These guys, gals, and the show do not belong to me, just borrowing them for some fun!

Roy DeSoto pulled his Porsche into the parking lot of Station 51, muttering under his breath. He angled the nimble car into the spot next to his partner’s white Land Rover, not bothering to back it in. He eased his 6’1 frame out of the car and moved rapidly towards the side door of the station. Still talking to himself, he breezed through the door, grunting in acknowledgement to the hails from some of the men from both C shift and A shift.

“What the heck is wrong with him?” One of the linemen from C shift queried, looking at the retreating back in puzzlement. “DeSoto is always early, and I think he has more words in his vocabulary then that!”

A shift’s lineman, Marco Lopez, looked up from the cup of coffee he was pouring at the stove. “Maybe he hasn’t had his coffee yet?”

There were mumbled agreements chorused out as the men returned to their prior activities.
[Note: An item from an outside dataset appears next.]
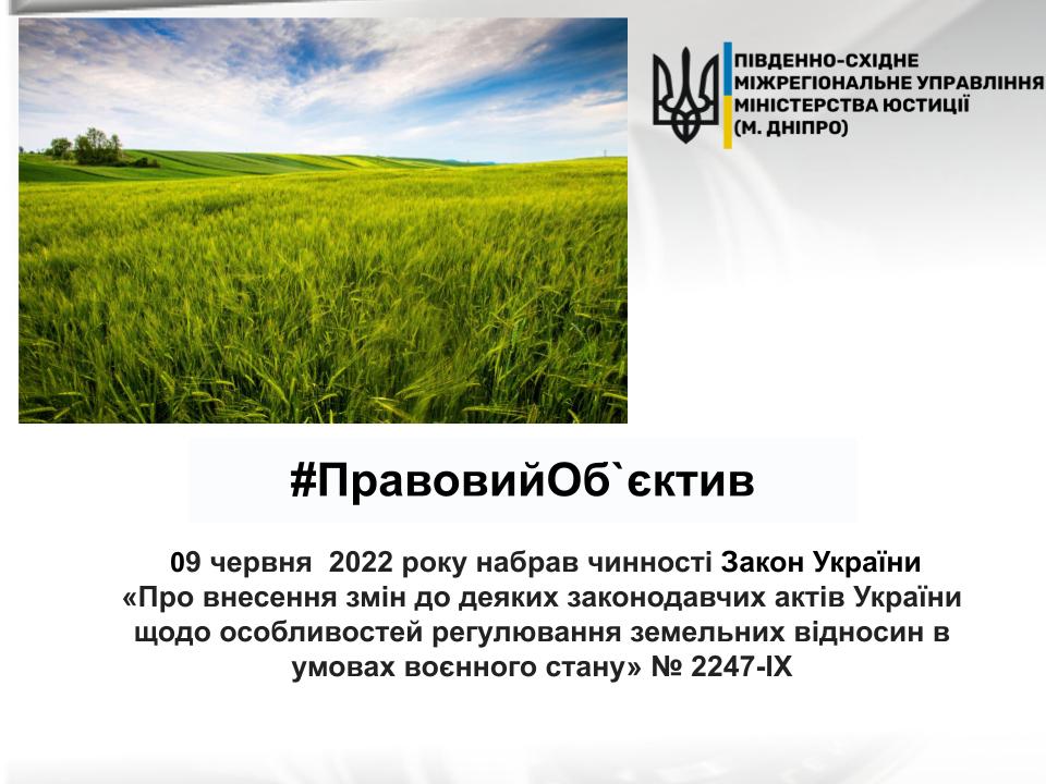#Правовий_Обєктив: 9 червня 2022 року набрав чинності Закон України «Про внесення змін до деяких законодавчих актів України щодо особливостей регулювання земельних відносин в умовах воєнного стану» № 2247-IX

Papers rustled, coffee flowed, and conversation resumed as the incident was quickly forgotten.

“She says I don’t listen to her…..what about her not listening to me….”Roy mumbled, stalking across the apparatus floor and slamming shoulder first into the swinging door that led to the lockers. He slammed to an abrupt halt just inside the door, oblivious to the door swinging back and smacking him in revenge. He groaned and slapped a hand to his head at the slightly raised voices that greeted him.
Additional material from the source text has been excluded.